Sure you're not stretching for any way to dismiss what was said? You'll have to try again because that's just not very credible.
It simply appears to me that some twit at Ageia who doesn't normally present this material sees 2x the GFLOPs rating of PS3 over XB360 and jumps to a conclusion that is actually wrong.

GPUs have 10x, 20x the GFLOPs rating of CPUs. When you deploy GPUs in GPGPU applications to run scientific applications that are normally executed on CPUs, you get anything from 0.5x to 20x the CPU performance.

GLOPs ratings, in and of themselves, are bunk.

Jawed
 
Jawed said:
It simply appears to me that some twit at Ageia who doesn't normally present this material sees 2x the GFLOPs rating of PS3 over XB360 and jumps to a conclusion that is actually wrong.

So you think Tom Lassanske is a twit? He made the CEDEC presentation where arguably the more explicit notes on inter-platform comparison were made.

And the only tech explanation we got out of GDC, from SenatorMonkey re. Fluid/Cloth doesn't mention Gflops.

Your explanation doesn't cut it. The mere notion that AGEIA would present such points basing them on "schoolboy" flop comparisons, to fellow developers is laughable, and we know it not to be the case from what technical explanations we have heard from the conferences.
 
Titanio said:
So you think Tom Lassanske is a twit? He made the CEDEC presentation where arguably the more explicit notes on inter-platform comparison were made.

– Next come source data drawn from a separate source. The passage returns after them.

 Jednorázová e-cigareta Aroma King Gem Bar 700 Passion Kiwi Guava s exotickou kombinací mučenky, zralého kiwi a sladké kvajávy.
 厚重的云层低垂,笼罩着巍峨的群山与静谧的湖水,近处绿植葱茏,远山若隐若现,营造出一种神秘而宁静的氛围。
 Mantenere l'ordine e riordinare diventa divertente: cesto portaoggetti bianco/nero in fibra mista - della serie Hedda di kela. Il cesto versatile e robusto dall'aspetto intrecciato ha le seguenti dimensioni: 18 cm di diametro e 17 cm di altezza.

And the only tech explanation we got out of GDC, from SenatorMonkey re. Fluid/Cloth doesn't mention Gflops.

Your explanation doesn't cut it. The mere notion that AGEIA would present such points basing them on "schoolboy" flop comparisons, to fellow developers is laughable, and we know it not to be the case from what technical explanations we have heard from the conferences.

Seriously, explain to me how Ageia has had months of access to a final XBox360 dev kit to put together a tuned SDK.

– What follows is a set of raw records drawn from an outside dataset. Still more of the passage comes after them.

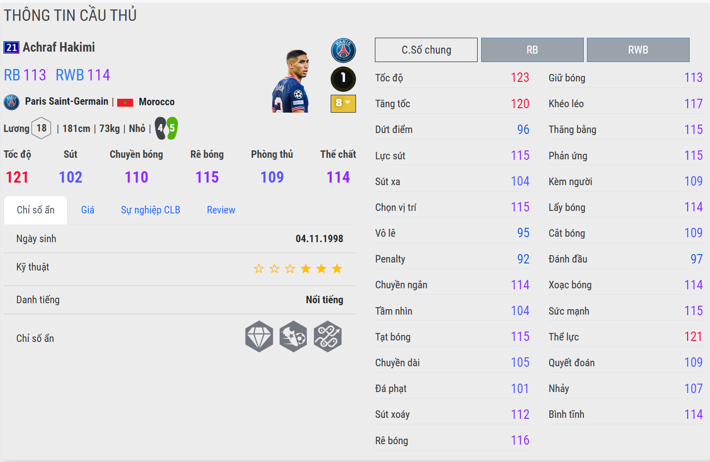 Có cho mình nhiều team color chất lượng như Real, Dortmund, Inter và PSG, Hakimi là mẫu hậu vệ cánh tương đối toàn diện và phù hợp meta hiện tại. Tốc độ tốt, kỹ năng tấn công hay với bộ chỉ số chuyền, tạt đều rất xuất sắc. Khả năng hỗ trợ phòng ngự hiệu quả cùng nguồn thể lực dồi dào khiến Hakimi có thể lên công về thủ cả trân mà không mệt.
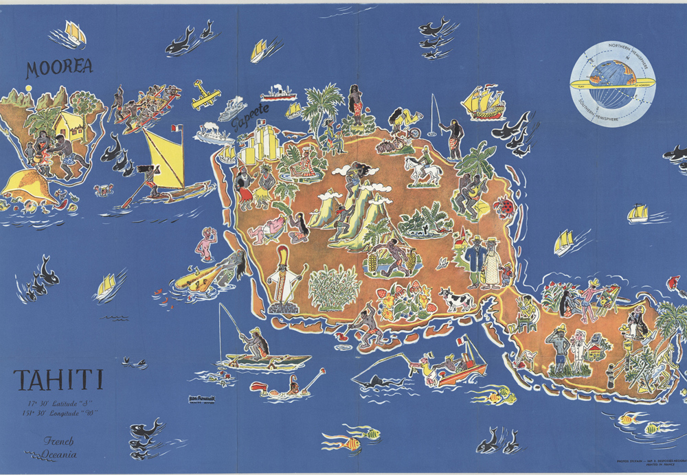 Brightly colored and humorous map by Jean Rousaute showing the peoples, wildlife, and tourists found around Tahiti. On the verso ‘An Invitation to Tahiti’ written by William Stone paints a romantic portrait of this South-Sea paradise, augmented by a reproduction of Gauguin's 'Nave Nave Mahana', 1896. Published in collaboration with L’Agence de la France d’Outre-Mer, le commissariat General au Tourisme, and La Compagnie des Messageries Maritimes.
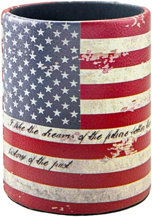 Pen Pencil Holder Cup Container PU Leather Desk Organizer Stand Decor Brush Scissor Holder Decoration Office Desk Home School (3.3" x 3.3" x 4", US Flag)
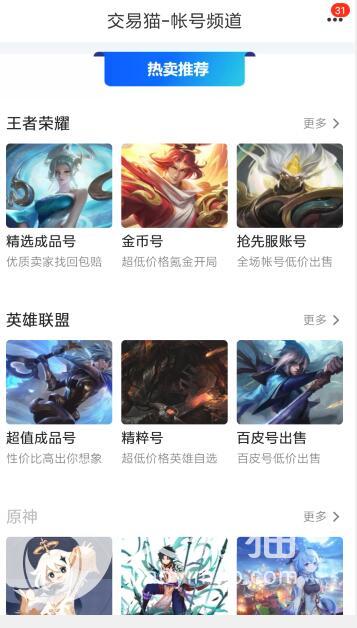 對(duì)于各種游戲大神而言,培養(yǎng)一個(gè)高等級(jí)的游戲賬號(hào)是不那么復(fù)雜的。不過(guò),如果想要脫坑一款游戲的時(shí)候,賬號(hào)應(yīng)該如何快速的進(jìn)行處理?一個(gè)靠譜的交易平臺(tái)又應(yīng)該如何去尋找?今天,小編將為大家推薦一款交易貓app,各位可以進(jìn)入到該軟件內(nèi)容了解各種游戲的賬號(hào)交易信息,同時(shí)也支持大家發(fā)布自己的商品。

Then come and tell me that they weren't guessing about XB360.

Jawed
 
Frankly, I don't even believe that Ageia has had access to a PS3 dev kit or a Cell of any kind.

The Sony Ageia deal was only quite recent.

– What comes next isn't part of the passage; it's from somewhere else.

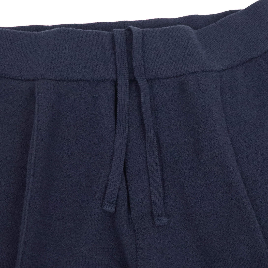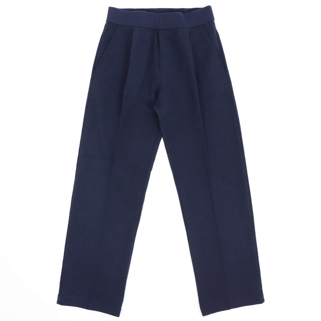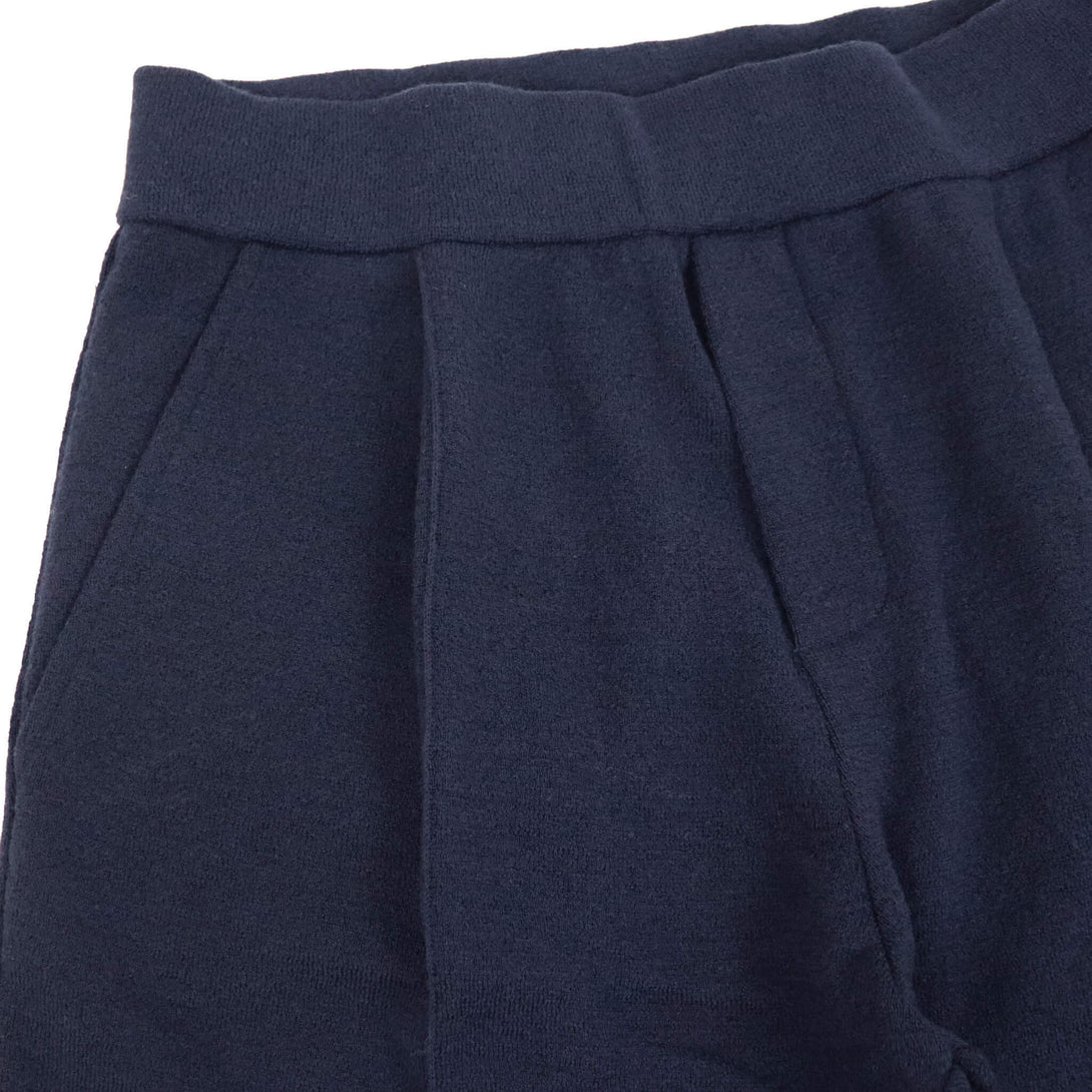 お持ちでない方がほとんどではないでしょうか?!ニットのイージーパンツ。ドライな肌触りと軽やかな穿き心地、そして程よい温かさを兼ね備えたニットパンツ。ミラノリブ編みによるしっかりとした生地感で、型崩れしにくく、美しいシルエットをキープします。すっきりとした細身のラインながら優れたストレッチ性があり、軽量素材のためリラックス感のある穿き心地に仕上げています。フロントにはピンタックを施し、センタープレスのような視覚効果で脚をまっすぐに見せ、ドレスパンツの様な見え方になります。ヒップ部分には布帛仕立て風の飾りポケットを配置。上品さと快適さを両立した、大人のリラックスした休日に欠かせない一本となります。

I'm amazed you guys actually believe that Ageia has run-up a fully tuned SDK on both these systems :rolleyes:

Jawe
 
Jawed said:
Seriously, explain to me how Ageia has had months of access to a final XBox360 dev kit to put together a tuned SDK.

Then come and tell me that they weren't guessing about XB360.

Jawed

First of all, you're now switching points. This is a different point to "They're simply looking at flops like B3D did at E3, har har".

But to answer your new arguments, I'm sure AGEIA has had early access to hardware from both - I'm sure novodex is available for X360 now, and the first rev of the PS3 version is due in the next month I believe (?) - so I'm pretty sure they have PS3 kits by now ;) No one is suggesting they currently have "tuned" engines for both systems. But they certainly have had time with unfinished hardware, and I'd imagine they're among the first to get new hardware from both (not to mention non-public architectural detail).
 
They don't need final hardware in absolute terms. As long as they have the CPU's (and both XeCPU and Cell have been available for months), they can develop the engine. Only if they were wanting to access the hardware in other ways, such as offloading or integrating some calculations into the GPU's activities, would they need the final hardware and I'm sure it'll be a while before anyone's thinking about eating up GPU cycles and taking away rendering power to provide for physics power.
 
My argument about access to hardware isn't new.

To be honest, I expect Cell to be better at physics, regardless of SDK. Trouble with Cell is, it aint easy to write code for...

I just don't believe any SDK is tuned, bearing in mind that final hardware for at least one platform hasn't been available for more than about a week.

Are there final Cell-based PS3 devkits in devs' hands (ignoring the fact RSX isn't available - that shouldn't affect Cell)?

Jawed
 
Last edited by a moderator:
Jawed said:
Are there final Cell-based PS3 devkits in devs' hands (ignoring the fact RSX isn't available - that should affect Cell)?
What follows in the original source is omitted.